Rally for G20 accountability, U of T community demands “Cops Off Campus!”
What: Rally against the Toronto Association of Police and Private Security (TAPPS) “G20 De-Briefing”
Why: To demand accountability and justice for all those arrested during the G20, and to keep ‘Cops off Campus!”
Where: Rally begins at Graduate Students’ Union, 16 Bancroft Avenue, and end at the University of Toronto Faculty Club, 45 Willcocks Street.
When: 10:30 a.m., Wednesday, Oct. 20th.
*** PLEASE WEAR PINK OR BLACK CLOTHES IF YOU PLAN TO ATTEND ***
This is a call to friends and allies to rally on the University of Toronto campus at 10:30 a.m. on Wednesday, Oct. 20th, to send a clear message to the Toronto Association of Police and Private Security (TAPPS) that their “G20 De-Briefing” is not welcome on our campus.
Students, faculty, staff and community members are calling for accountability and justice for all those arrested during the G20 Summit in Toronto — the largest instance of mass arbitrary detention in Canadian history — and are demanding that TAPPS and private security firms be kept off campus!
What is TAPPS? Why should I protest it?
TAPPS is an organization created in the mid-1990s to provide greater coordination between the Toronto police and private security companies.

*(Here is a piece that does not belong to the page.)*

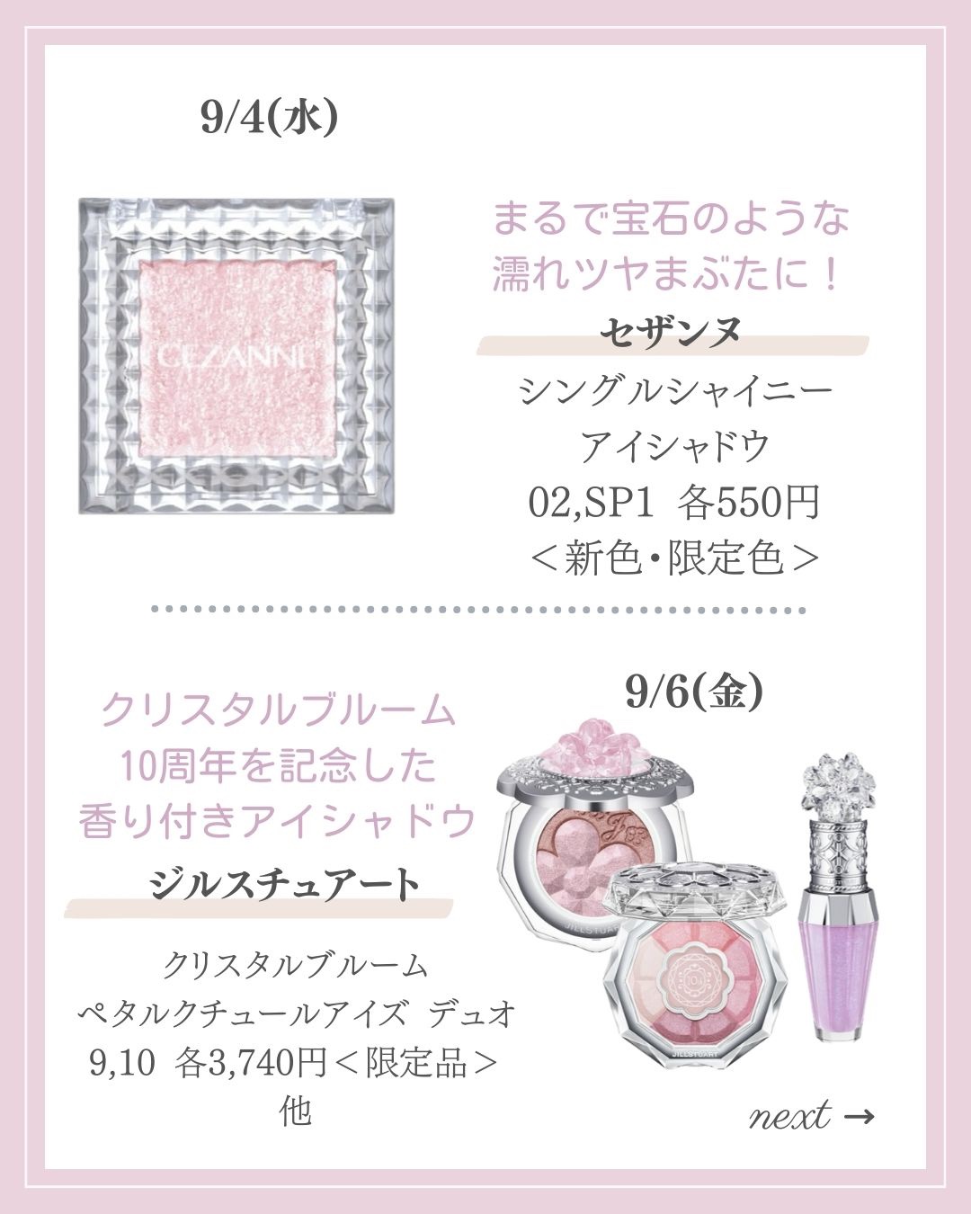 エクセル2022年11月15日(火)発売 デイジードール2022年11月18日(金)発売 マジョリカマジョルカ2022年11月21日(月)発売 リリミュウ2022年11月21日(月)発売 キャンメイク2022年11月30日(水)発売 ヴィセ&ヴィセリシェ2022年12月1日(木)発売 セザンヌ2022年12月上旬発売 リップモンスター2022年11月&12月発売11月19日(土)発売👉ミニサイズ(既存2色)12月17(土)発売👉限定2色
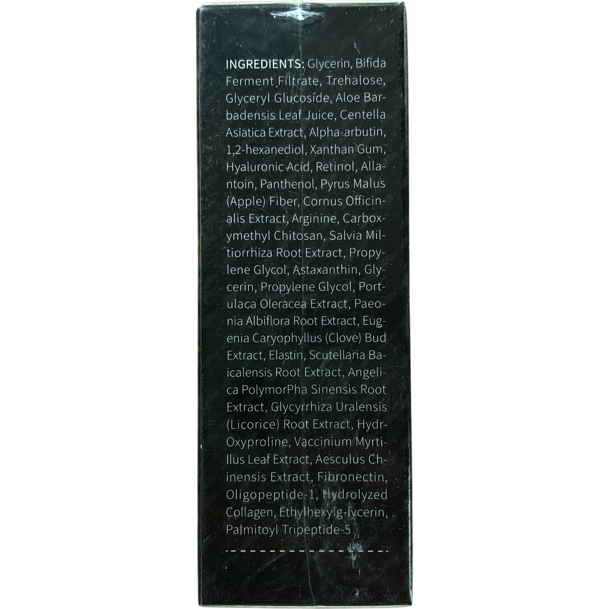 - Ingredient List: Glycerin, Bifida Ferment Filtrate, Trehalose, Glyceryl Glucoside, Aloe Barbadensis Leaf Juice, Centella Asiatica Extract, Alpha-arbutin, 1,2-hexanediol, Xanthan Gum, Hyaluronic Acid, Retinol, Allantoin, Panthenol, Pyrus Malus (Apple) Fiber, Cornus Officinalis Extract, Arginine, Carboxymethyl Chitosan, Salvia Miltiorrhiza Root Extract, Propylene Glycol, Astaxanthin, Glycerin, Propylene Glycol, Portulaca Oleracea Extract, Paeonia Albiflora Root Extract, Eugenia Caryophyllus (Clove) Bud Extract, Elastin, Scutellaria Baicalensis Root Extract, Angelica Polymorpha Sinensis Root Extract, Glycyrrhiza Uralensis (Licorice) Root Extract, Hydroxyproline, Vaccinium Myrtillus Leaf Extract, Aesculus Chinensis Extract, Fibronectin, Oligopeptide-1, Hydrolyzed Collagen, Ethylhexylglycerin, Palmitoyl Tripeptide-5

The influence of private security companies has increased drastically in recent years, from their expanding role in major conflicts (think of Blackwater in Afghanistan and Iraq) to their steady encroachment on public spaces. Some of the private security companies active in war-zones, such as G4S and Securitas, are also active on our streets and campuses.
With the increasing trend towards privatizing and contracting-out public services, the realm of policing has come to depend on ‘public private partnerships’ or the full-out privatization of policing services – fueling a multi-billion dollar ‘security industry’ that relies on fear to sustain profits. The outcome is simple and dangerous: the public has minimal or no oversight and control over the activities of organizations that allegedly
During the G20 Summit, TAPPS revealed the dangers posed when policing forces and private security companies collaborate: massive and unaccountable repression of civil rights. According to ‘Security Management’ magazine: “Four months before the G20, TAPPS helped bring organizations-including the Royal Canadian Mounted Police, Toronto Police, NYPD Shield and other specialized units-together to develop plans and share intelligence on known terrorist and extremist threats, including the Black and Pink Bloc anarchists.
The information gathered was then fed into the TAPPS secure portal (www.tapps.org) to build an intelligence database that police and private security could draw from during the summit weekend. TAPPS members could discuss the intelligence on message boards within the secure Web site…Security and police professionals now hope to build on the lessons learned [from the G20] and realize an even greater collaboration between police and security in the future.”
What is happening on campus on Oct. 20 and why should I care?
On Wednesday, Oct. 20th, TAPPS is holding a ‘G20 Debriefing’ training seminar on the UofT campus. This session is co-hosted by the University of Toronto Campus Community Police Service and Reilly Security (one of the companies that holds a security contract with the UofT administration).
In this closed session, speakers will assess police and private security cooperation during “Canada’s largest domestic security operation” and examine “challenges and provide perspective from many of the key players involved from both police and private security circles.”
In short, similar rounds of repression are being planned on our campus, behind closed doors.
The U of T community is already familiar with the consequences of ‘police and private security’ cooperation. During the G20 Summit, 75 people from Quebec, who were staying as guests at the GSU Gym, were arrested as a result of a tip provided by a Reilly Security guard working on campus. The security guard noted the presence of ‘black-clad individuals’ getting off a bus and immediately contacted the UofT ‘Incident Command Center’ and TAPPS to secure their arrest.
The 75 people arrested have since been cleared of all charges, underscoring the arbitrary nature of these arrests. These arrests are part of a broader trend at UofT in which campus
activists and their community allies have experienced increased harassment at the hands of private security guards and campus police.
What kind of campus are we asking for?
We are calling on the University of Toronto Administration and the provincial government to honour the University’s Purpose to commit to “vigilant protection of individual human rights,” including the “human right to radical, critical teaching and research.”
We call on university administrators to respect the campus as a protected space to “raise deeply disturbing questions and provocative challenges to the cherished beliefs of society at large and of the university itself.” We reject and will actively oppose all administrative sanction of an oppressive security agenda that undermines these commitments.